Machine Learning, python, research, resources

Deep Learning for Protein Function Prediction

Protein function prediction is taking information about a protein (such as its amino acid sequence, 2D and 3D structure etc.) and trying to predict which functions it will exhibit. This has implications in several areas of bioinformatics and affects how drugs are created and diseases are studied. This is typically an intensive task requiring inputs from biologists and computer experts alike and annotating newly found proteins requires empirical as well as computational results.

We, here at FAST NU, recently came up with a unique method (dubbed DeepSeq — since it’s based on Deep Learning and works on protein sequences!) for predicting functions of proteins using only the amino acid sequences. This is the information that is the first bit we get when a new protein is found and is thus readily available. (Other pieces require a lot more effort.)

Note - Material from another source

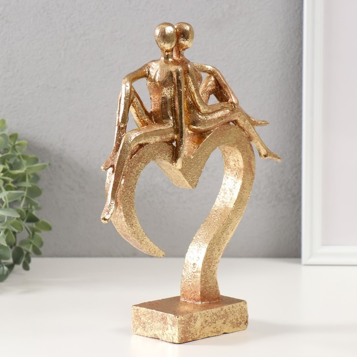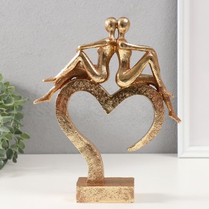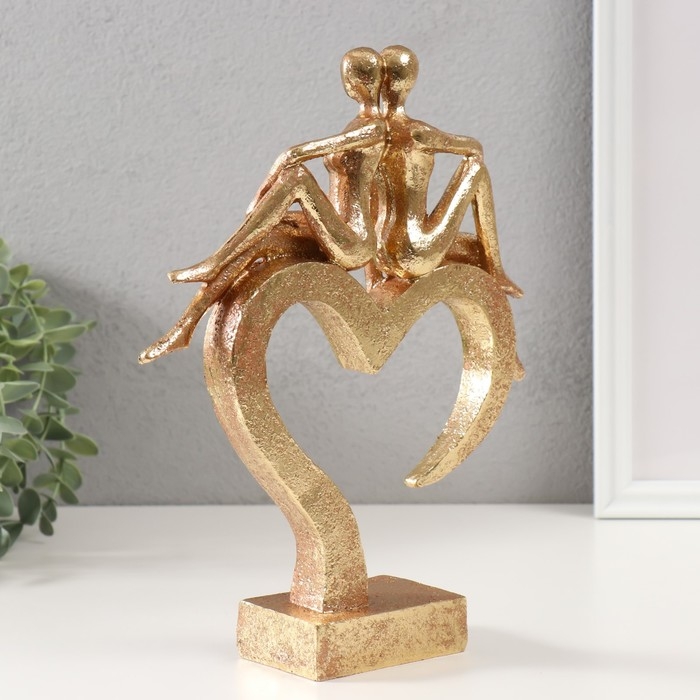 Сувенир полистоун "Влюблённые на сердце" золото 26х22х6 см

We have successfully applied DeepSeq to predict protein function from sequences alone without requiring any input from domain experts. The paper isn’t peer reviewed yet but we have made the paper available as preprint and our full code on github so you can review it yourself.

We believe DeepSeq is going to be a breakthrough inshaallah in the field of bioinformatics and how function prediction is done. Let’s see if I can come up with an update about this in a year after the paper has been read a few times by domain experts and we have a detailed peer review.